GIVEN DATA:
----
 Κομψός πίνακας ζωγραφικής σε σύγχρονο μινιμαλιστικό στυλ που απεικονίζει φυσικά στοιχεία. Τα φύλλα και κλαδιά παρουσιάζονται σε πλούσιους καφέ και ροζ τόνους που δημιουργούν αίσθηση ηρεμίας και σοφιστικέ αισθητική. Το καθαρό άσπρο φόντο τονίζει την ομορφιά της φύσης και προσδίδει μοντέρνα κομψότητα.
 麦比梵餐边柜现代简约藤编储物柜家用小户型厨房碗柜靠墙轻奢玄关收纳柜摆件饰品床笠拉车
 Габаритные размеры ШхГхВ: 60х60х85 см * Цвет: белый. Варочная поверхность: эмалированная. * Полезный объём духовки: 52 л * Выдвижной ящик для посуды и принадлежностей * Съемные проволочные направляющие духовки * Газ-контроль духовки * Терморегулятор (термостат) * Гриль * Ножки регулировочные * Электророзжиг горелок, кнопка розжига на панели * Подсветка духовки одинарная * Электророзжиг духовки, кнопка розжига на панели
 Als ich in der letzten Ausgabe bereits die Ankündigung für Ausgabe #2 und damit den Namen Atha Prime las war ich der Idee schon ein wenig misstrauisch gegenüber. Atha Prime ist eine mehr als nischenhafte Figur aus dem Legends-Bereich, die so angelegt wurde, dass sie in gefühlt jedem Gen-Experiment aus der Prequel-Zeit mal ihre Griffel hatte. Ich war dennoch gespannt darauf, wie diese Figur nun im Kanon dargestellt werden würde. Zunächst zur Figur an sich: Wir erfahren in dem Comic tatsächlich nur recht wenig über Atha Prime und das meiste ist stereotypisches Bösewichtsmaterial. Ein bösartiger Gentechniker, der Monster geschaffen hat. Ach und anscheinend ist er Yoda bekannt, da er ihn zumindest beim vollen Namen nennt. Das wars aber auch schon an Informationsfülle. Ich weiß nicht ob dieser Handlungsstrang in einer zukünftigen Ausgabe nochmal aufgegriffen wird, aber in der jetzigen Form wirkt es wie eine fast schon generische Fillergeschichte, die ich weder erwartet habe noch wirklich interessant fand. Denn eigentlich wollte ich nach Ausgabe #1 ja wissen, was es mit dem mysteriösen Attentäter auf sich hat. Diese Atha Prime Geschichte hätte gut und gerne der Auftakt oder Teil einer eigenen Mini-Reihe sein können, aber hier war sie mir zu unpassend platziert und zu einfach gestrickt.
----
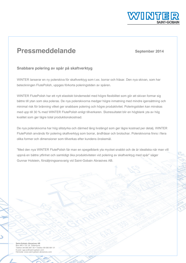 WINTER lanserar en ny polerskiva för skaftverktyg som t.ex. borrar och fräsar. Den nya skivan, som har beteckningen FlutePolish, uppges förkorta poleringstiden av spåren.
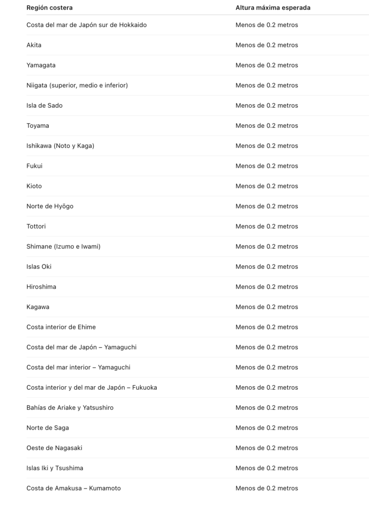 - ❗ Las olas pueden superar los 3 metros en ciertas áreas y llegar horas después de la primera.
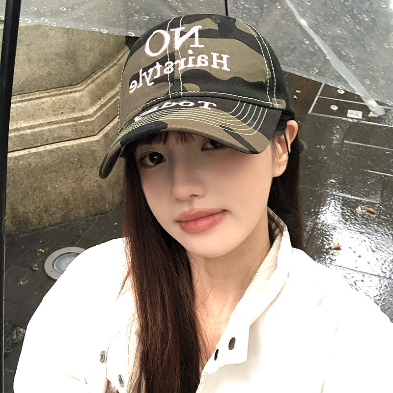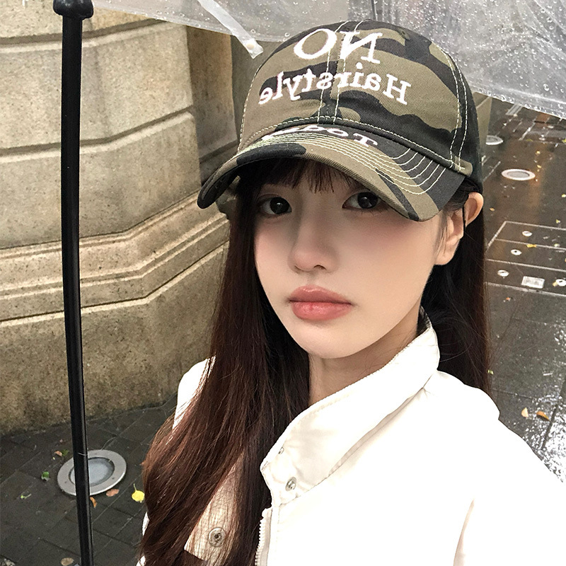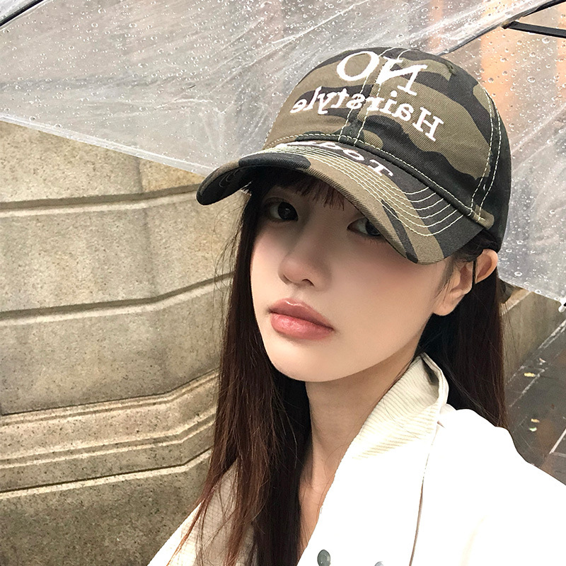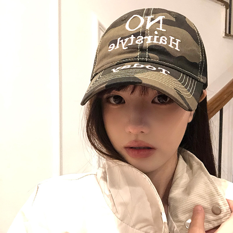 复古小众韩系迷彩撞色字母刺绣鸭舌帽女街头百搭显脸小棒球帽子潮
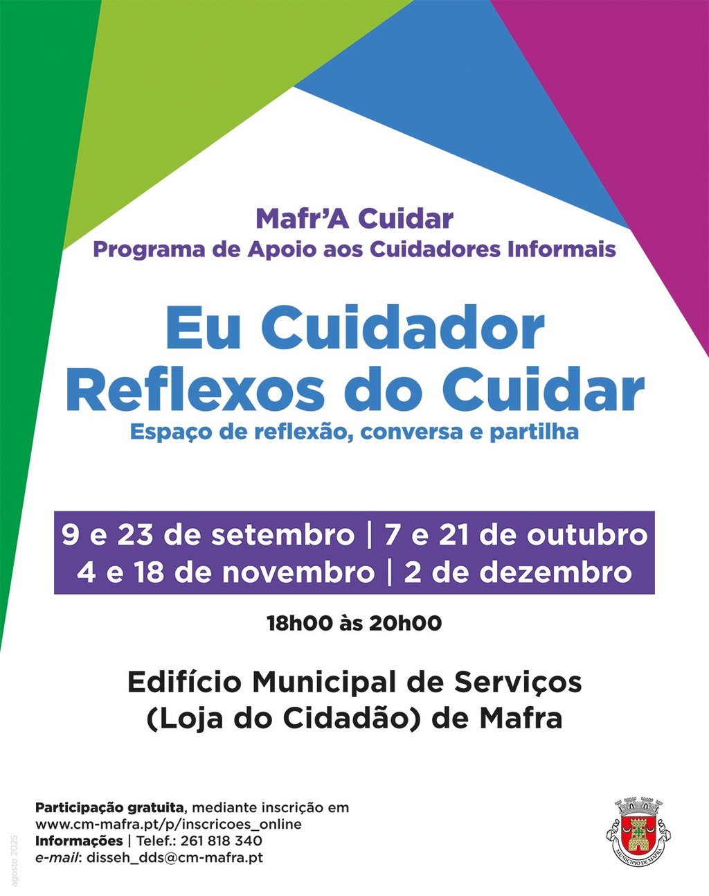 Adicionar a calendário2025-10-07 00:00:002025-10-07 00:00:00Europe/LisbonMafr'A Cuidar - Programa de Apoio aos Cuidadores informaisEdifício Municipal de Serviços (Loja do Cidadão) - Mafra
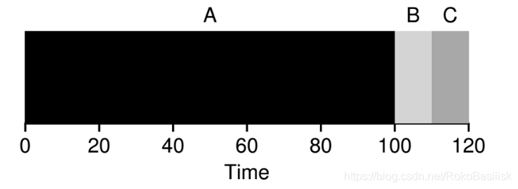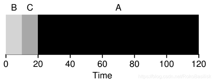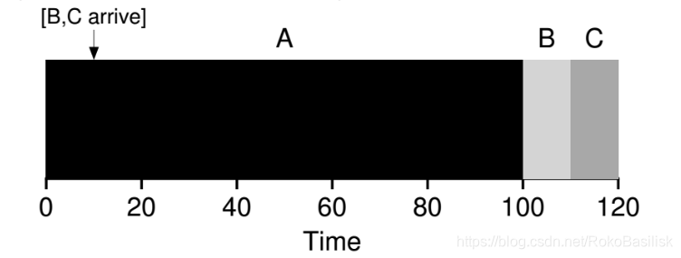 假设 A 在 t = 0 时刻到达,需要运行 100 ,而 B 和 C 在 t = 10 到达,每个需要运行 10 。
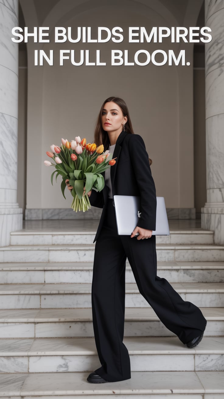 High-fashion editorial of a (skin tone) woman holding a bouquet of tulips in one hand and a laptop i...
----
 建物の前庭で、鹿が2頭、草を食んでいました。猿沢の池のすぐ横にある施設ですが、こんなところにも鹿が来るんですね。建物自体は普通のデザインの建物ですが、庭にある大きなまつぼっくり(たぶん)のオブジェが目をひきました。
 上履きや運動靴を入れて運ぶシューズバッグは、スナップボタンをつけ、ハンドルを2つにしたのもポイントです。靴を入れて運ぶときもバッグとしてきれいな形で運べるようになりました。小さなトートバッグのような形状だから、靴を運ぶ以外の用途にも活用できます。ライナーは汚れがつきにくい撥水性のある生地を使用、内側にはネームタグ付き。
----
Among the entries above, the lines between the ones containing "Κομψός πίνακας ζωγραφικής" and "Габаритные размеры ШхГхВ: 60х60х85", inclusive, are to be transcribed exactly. No other line is to be given.

RESPONSE TO THIS EXERCISE:
 Κομψός πίνακας ζωγραφικής σε σύγχρονο μινιμαλιστικό στυλ που απεικονίζει φυσικά στοιχεία. Τα φύλλα και κλαδιά παρουσιάζονται σε πλούσιους καφέ και ροζ τόνους που δημιουργούν αίσθηση ηρεμίας και σοφιστικέ αισθητική. Το καθαρό άσπρο φόντο τονίζει την ομορφιά της φύσης και προσδίδει μοντέρνα κομψότητα.
 麦比梵餐边柜现代简约藤编储物柜家用小户型厨房碗柜靠墙轻奢玄关收纳柜摆件饰品床笠拉车
 Габаритные размеры ШхГхВ: 60х60х85 см * Цвет: белый. Варочная поверхность: эмалированная. * Полезный объём духовки: 52 л * Выдвижной ящик для посуды и принадлежностей * Съемные проволочные направляющие духовки * Газ-контроль духовки * Терморегулятор (термостат) * Гриль * Ножки регулировочные * Электророзжиг горелок, кнопка розжига на панели * Подсветка духовки одинарная * Электророзжиг духовки, кнопка розжига на панели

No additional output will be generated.